◆ Exercise prompt ◆
Taking the data below, please print only the lines from the line holding "делу о сегодняшнем" to the line holding "Uitgerust met slinger", inclusive, with pictures omitted.

◆ Records from a dataset ◆
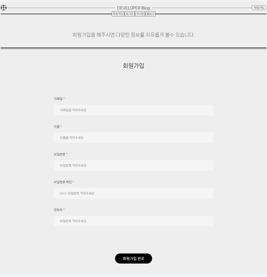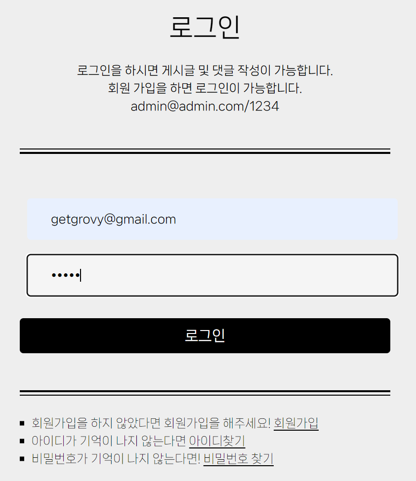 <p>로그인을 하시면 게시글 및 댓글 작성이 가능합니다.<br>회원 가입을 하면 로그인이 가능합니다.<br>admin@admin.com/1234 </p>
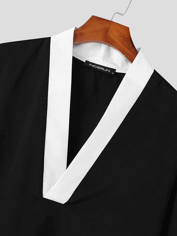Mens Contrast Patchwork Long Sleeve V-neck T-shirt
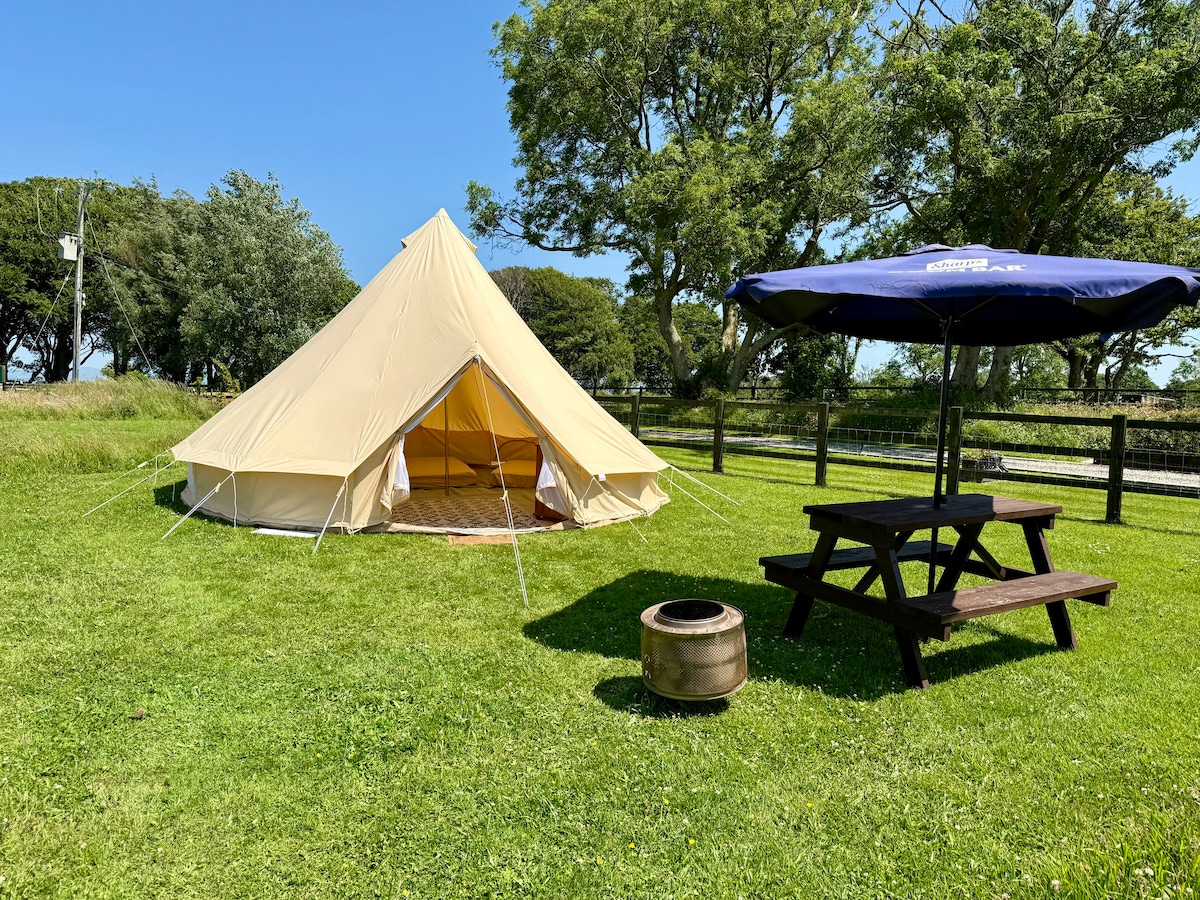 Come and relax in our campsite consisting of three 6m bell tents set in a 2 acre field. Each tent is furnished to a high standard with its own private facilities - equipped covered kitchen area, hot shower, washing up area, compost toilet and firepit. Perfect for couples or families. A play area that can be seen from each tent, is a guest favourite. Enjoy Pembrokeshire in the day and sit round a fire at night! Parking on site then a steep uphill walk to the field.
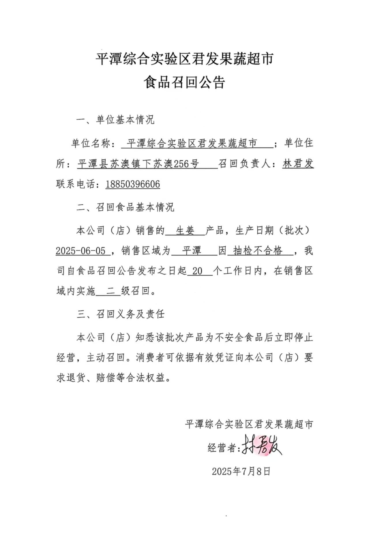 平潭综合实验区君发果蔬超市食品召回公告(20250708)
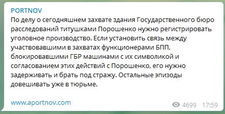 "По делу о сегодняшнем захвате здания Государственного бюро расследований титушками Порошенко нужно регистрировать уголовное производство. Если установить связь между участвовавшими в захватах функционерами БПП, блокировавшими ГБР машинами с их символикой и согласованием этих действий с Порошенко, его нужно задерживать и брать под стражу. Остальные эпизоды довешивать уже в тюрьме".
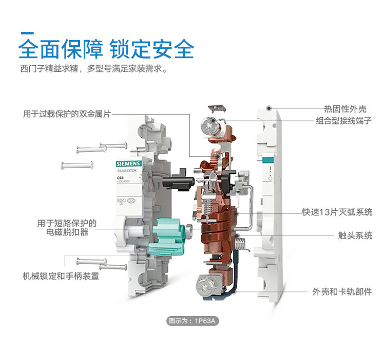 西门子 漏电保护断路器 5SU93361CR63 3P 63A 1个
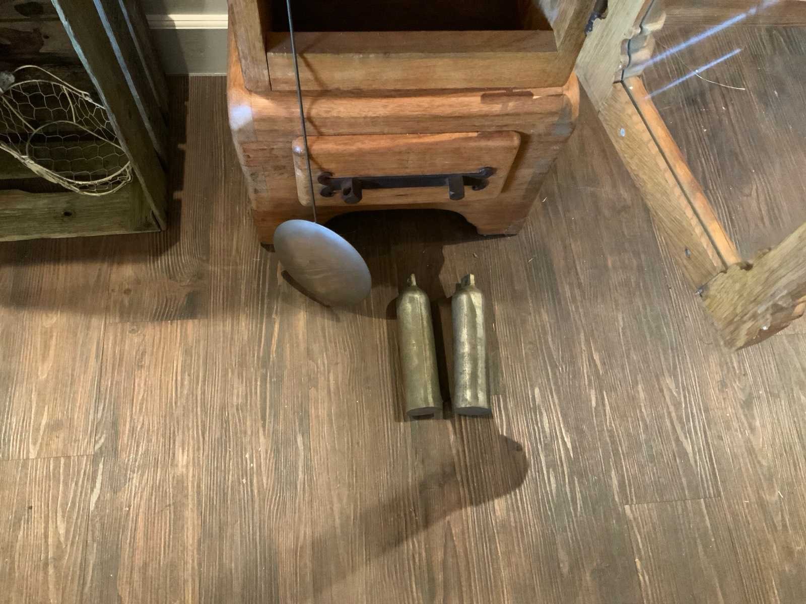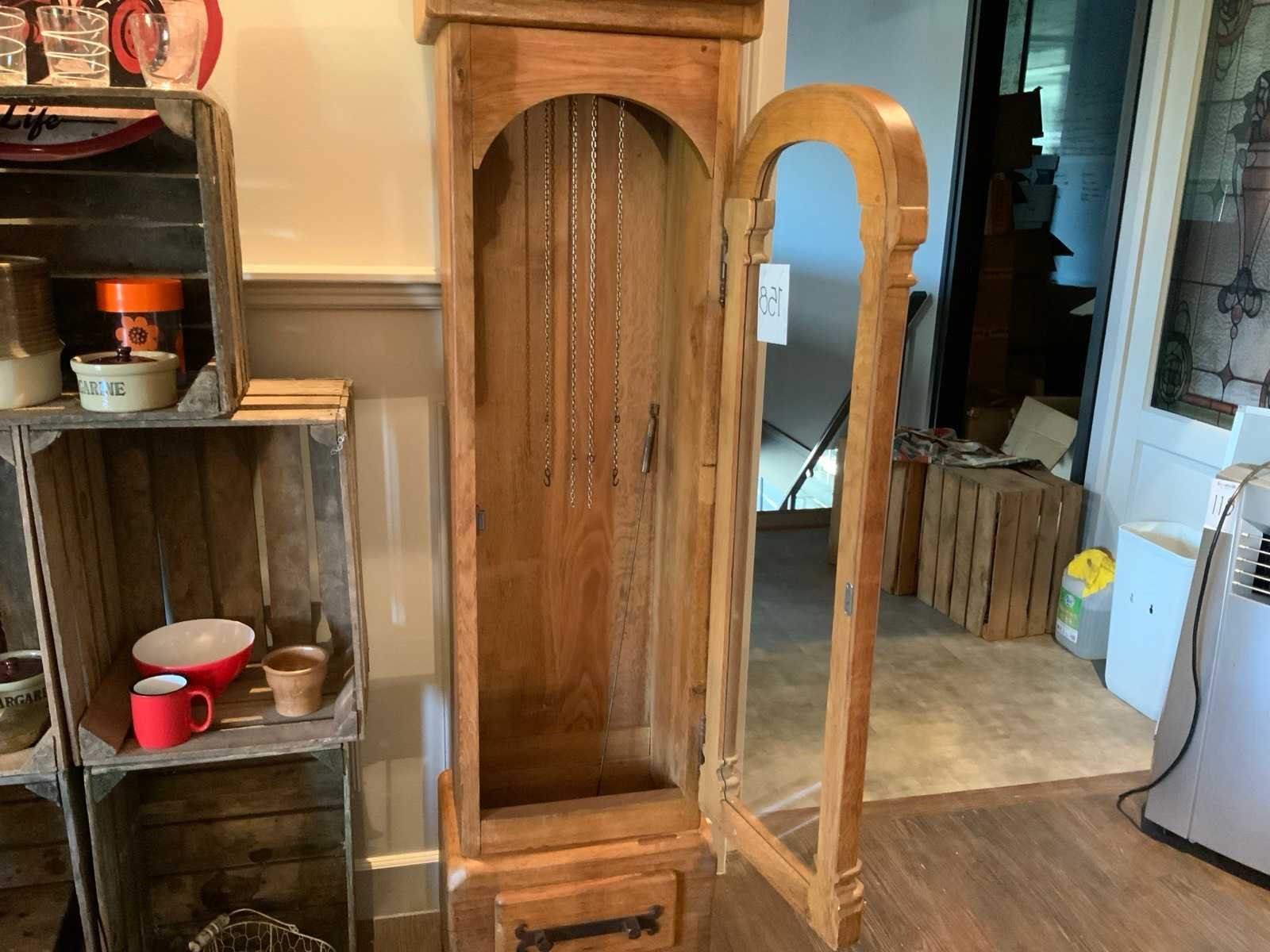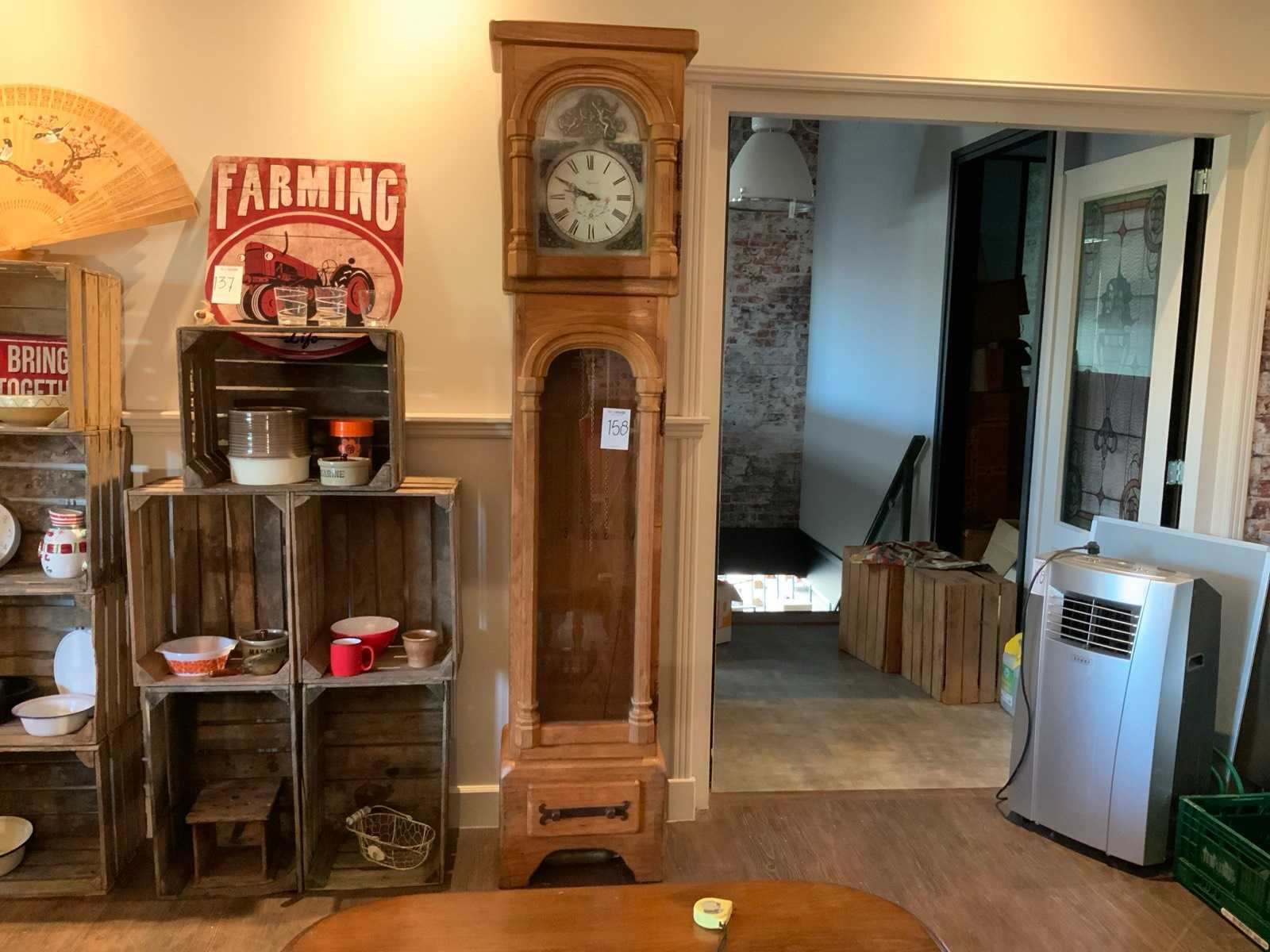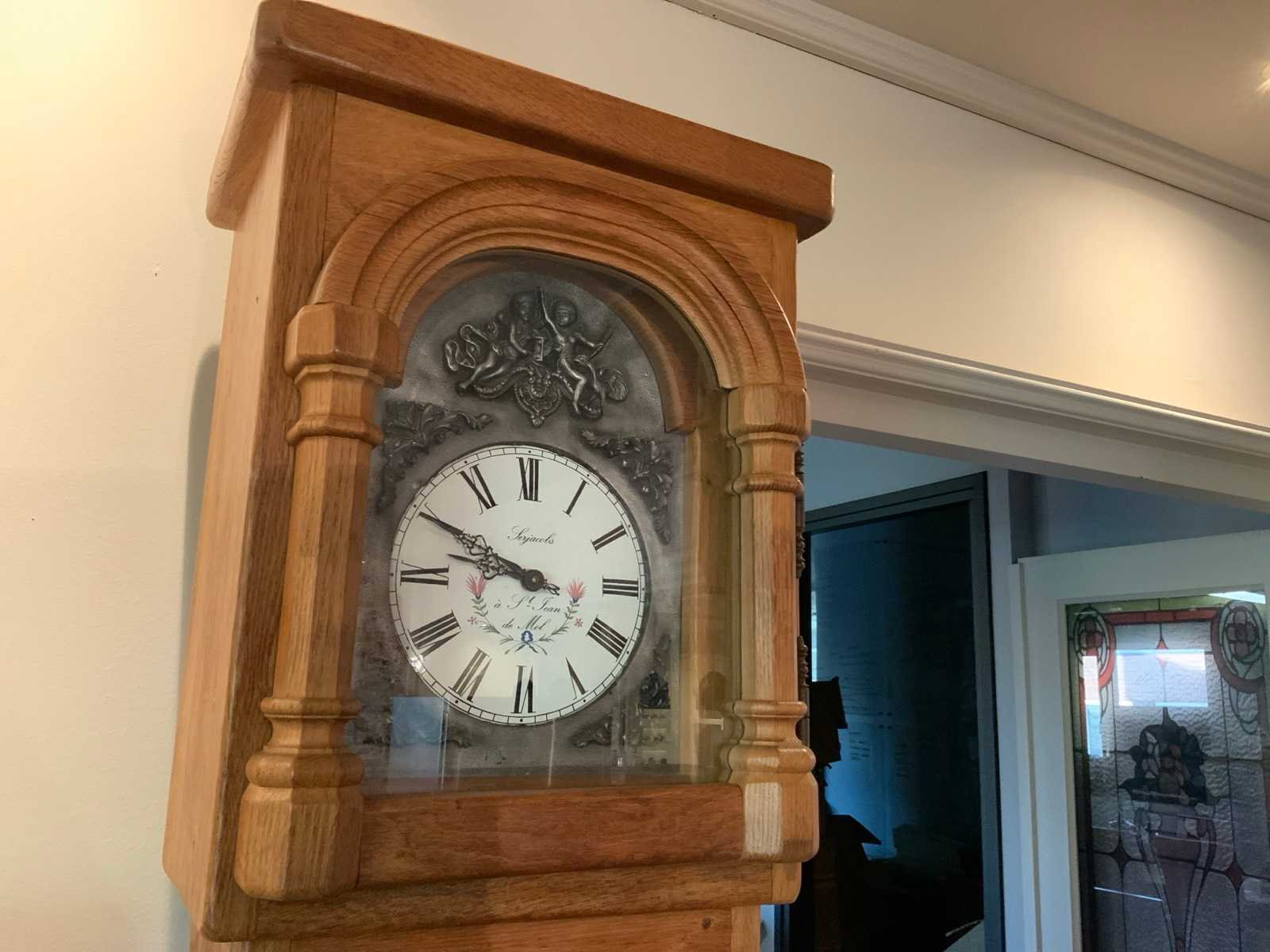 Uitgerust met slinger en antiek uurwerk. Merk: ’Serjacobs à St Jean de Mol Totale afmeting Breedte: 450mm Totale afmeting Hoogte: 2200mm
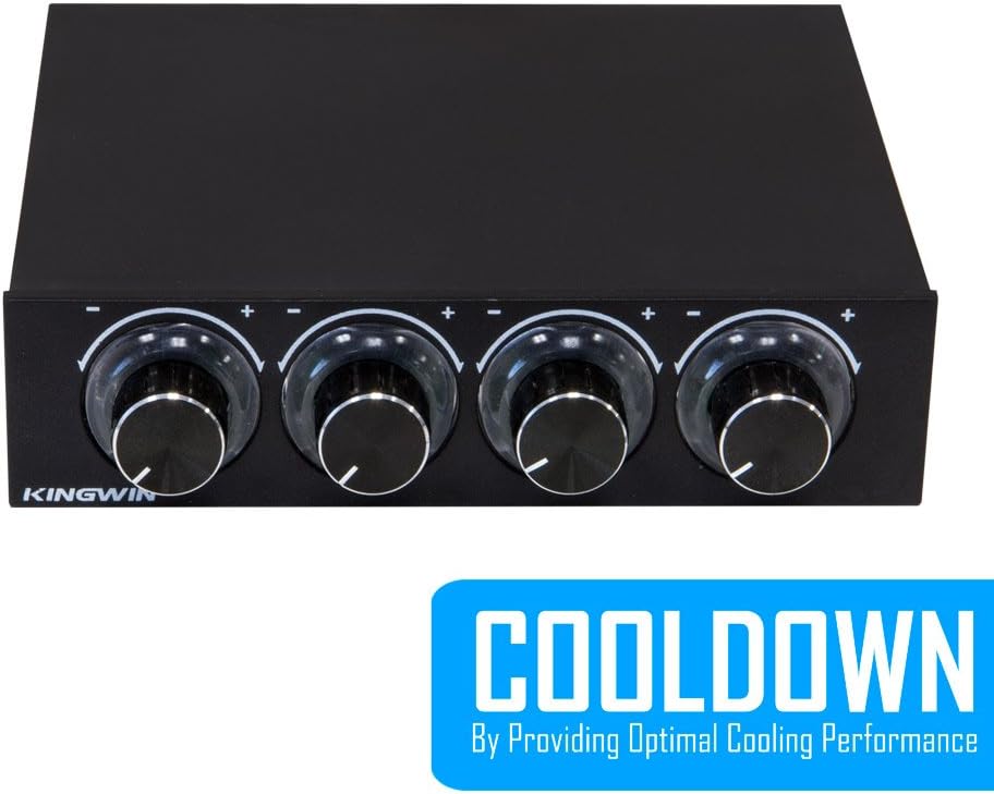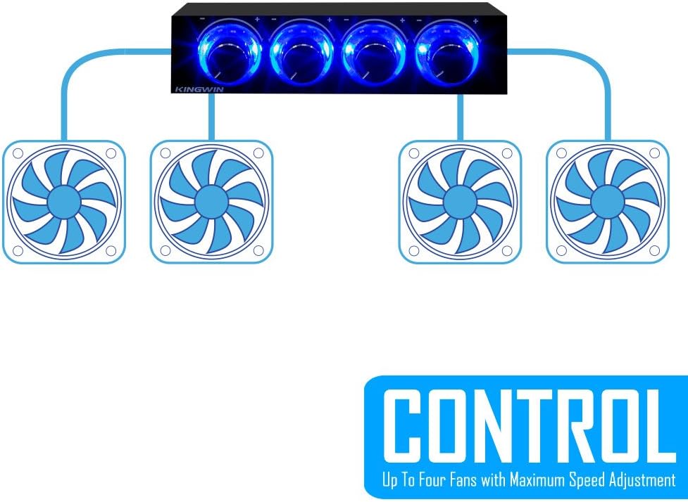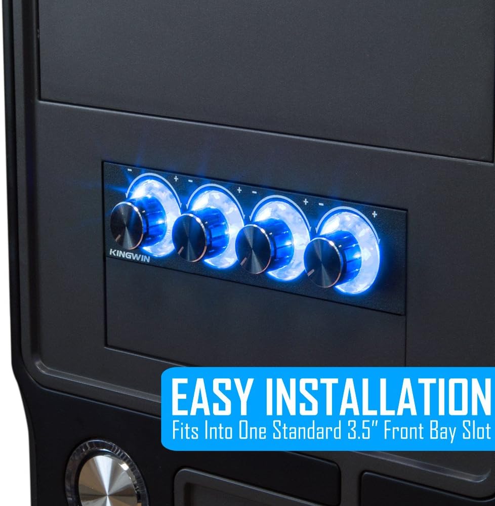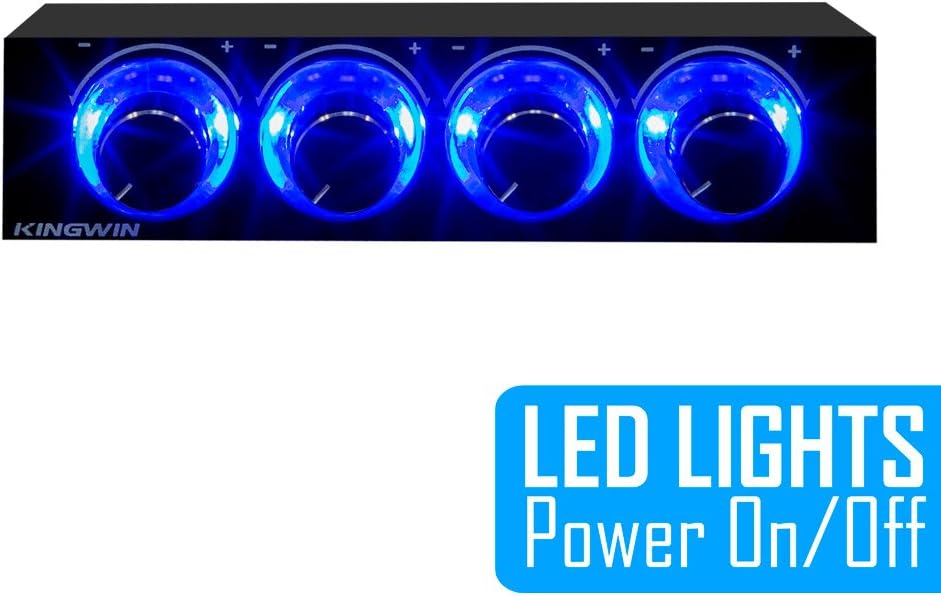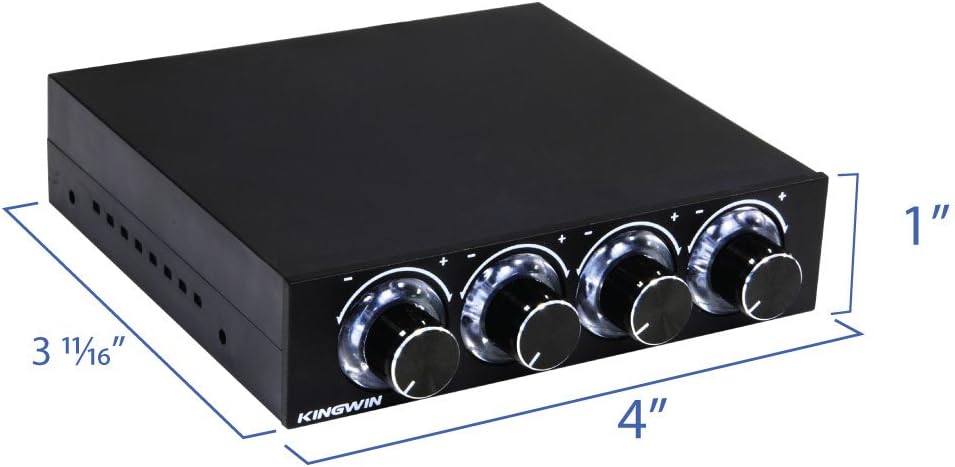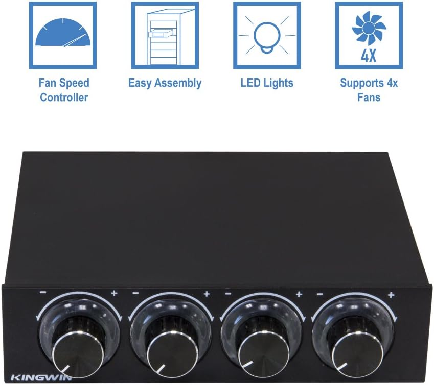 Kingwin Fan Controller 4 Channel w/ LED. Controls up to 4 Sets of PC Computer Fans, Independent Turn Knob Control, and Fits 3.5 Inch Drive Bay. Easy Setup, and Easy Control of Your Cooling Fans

◆ Exercise solution ◆
 "По делу о сегодняшнем захвате здания Государственного бюро расследований титушками Порошенко нужно регистрировать уголовное производство. Если установить связь между участвовавшими в захватах функционерами БПП, блокировавшими ГБР машинами с их символикой и согласованием этих действий с Порошенко, его нужно задерживать и брать под стражу. Остальные эпизоды довешивать уже в тюрьме".
 西门子 漏电保护断路器 5SU93361CR63 3P 63A 1个
 Uitgerust met slinger en antiek uurwerk. Merk: ’Serjacobs à St Jean de Mol Totale afmeting Breedte: 450mm Totale afmeting Hoogte: 2200mm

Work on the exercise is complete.